- _Task instructions_: What is needed is a word-for-word copy of the listing below, without pictures.

- _Entries supplied_:
* * * * *

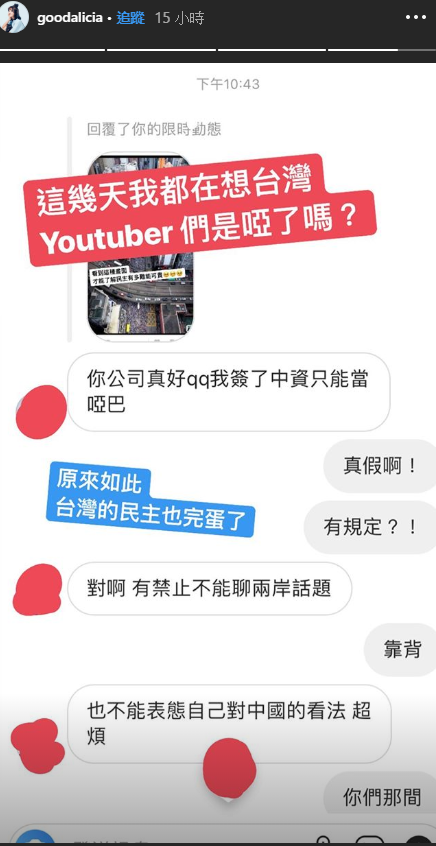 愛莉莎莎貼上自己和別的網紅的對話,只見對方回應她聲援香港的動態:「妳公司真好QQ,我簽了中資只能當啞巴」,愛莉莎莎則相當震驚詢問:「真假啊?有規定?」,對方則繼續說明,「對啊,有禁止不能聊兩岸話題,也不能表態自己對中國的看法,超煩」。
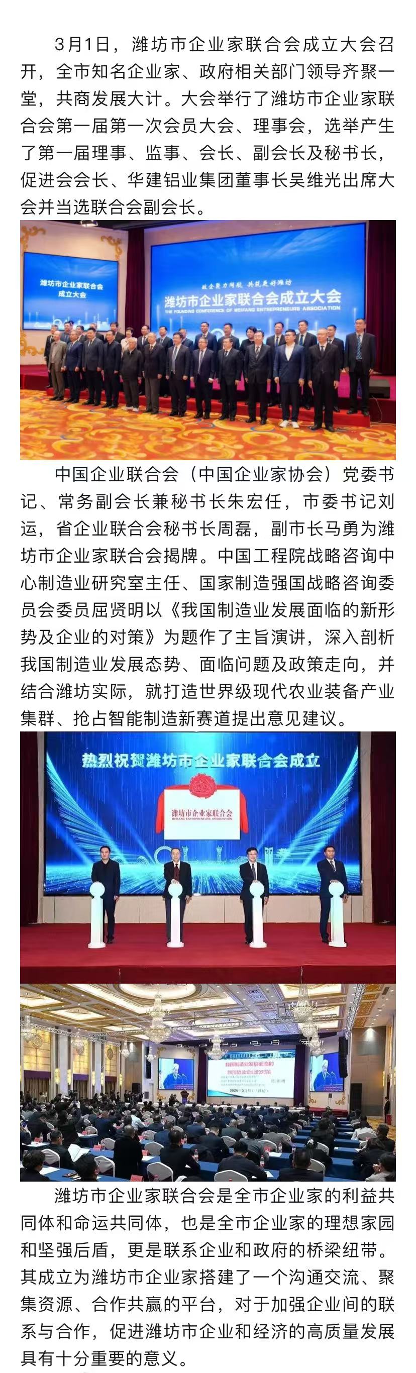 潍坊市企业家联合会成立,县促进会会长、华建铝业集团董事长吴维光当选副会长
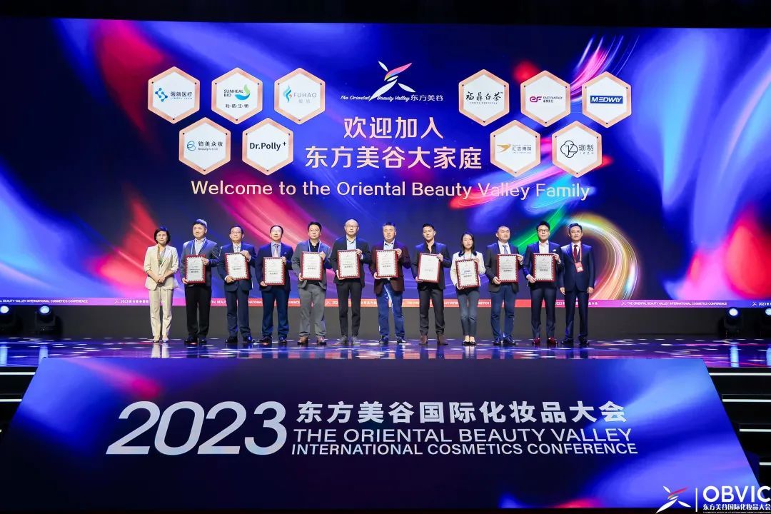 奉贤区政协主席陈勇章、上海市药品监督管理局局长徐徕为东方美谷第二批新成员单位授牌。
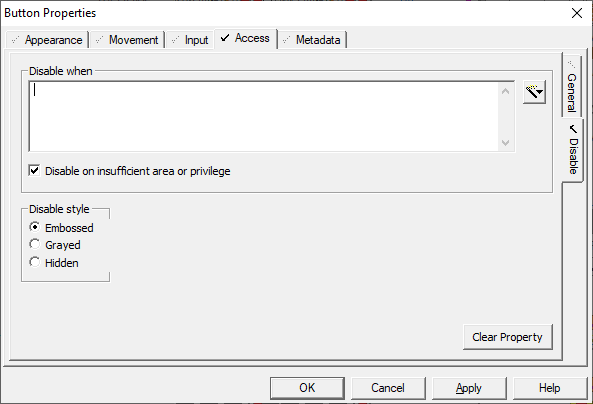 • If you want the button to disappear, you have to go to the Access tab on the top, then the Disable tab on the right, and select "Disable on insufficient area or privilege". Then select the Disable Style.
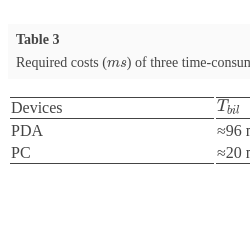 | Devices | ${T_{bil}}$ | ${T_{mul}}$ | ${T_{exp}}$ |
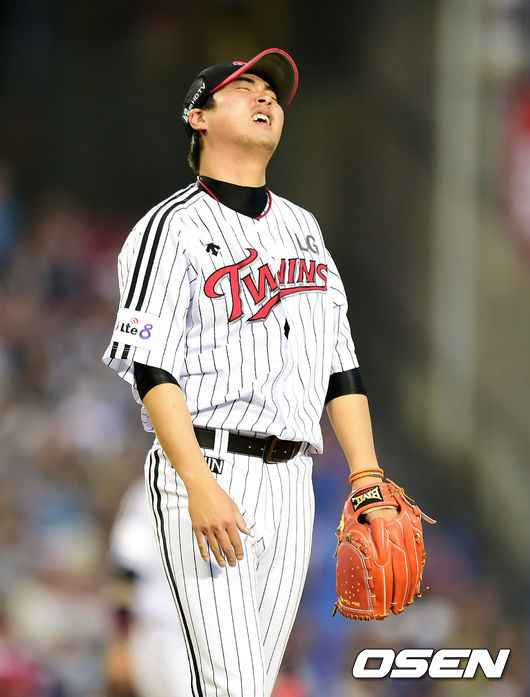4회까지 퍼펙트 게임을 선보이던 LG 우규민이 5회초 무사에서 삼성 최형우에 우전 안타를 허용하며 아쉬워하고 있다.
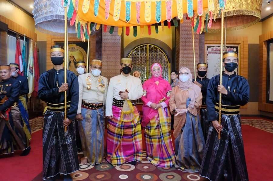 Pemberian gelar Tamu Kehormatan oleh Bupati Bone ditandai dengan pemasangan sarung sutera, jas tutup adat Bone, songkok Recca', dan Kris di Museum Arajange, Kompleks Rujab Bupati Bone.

* * * * *

- _Written response_:
 愛莉莎莎貼上自己和別的網紅的對話,只見對方回應她聲援香港的動態:「妳公司真好QQ,我簽了中資只能當啞巴」,愛莉莎莎則相當震驚詢問:「真假啊?有規定?」,對方則繼續說明,「對啊,有禁止不能聊兩岸話題,也不能表態自己對中國的看法,超煩」。
 潍坊市企业家联合会成立,县促进会会长、华建铝业集团董事长吴维光当选副会长
 奉贤区政协主席陈勇章、上海市药品监督管理局局长徐徕为东方美谷第二批新成员单位授牌。
 • If you want the button to disappear, you have to go to the Access tab on the top, then the Disable tab on the right, and select "Disable on insufficient area or privilege". Then select the Disable Style.
 | Devices | ${T_{bil}}$ | ${T_{mul}}$ | ${T_{exp}}$ |
4회까지 퍼펙트 게임을 선보이던 LG 우규민이 5회초 무사에서 삼성 최형우에 우전 안타를 허용하며 아쉬워하고 있다.
 Pemberian gelar Tamu Kehormatan oleh Bupati Bone ditandai dengan pemasangan sarung sutera, jas tutup adat Bone, songkok Recca', dan Kris di Museum Arajange, Kompleks Rujab Bupati Bone.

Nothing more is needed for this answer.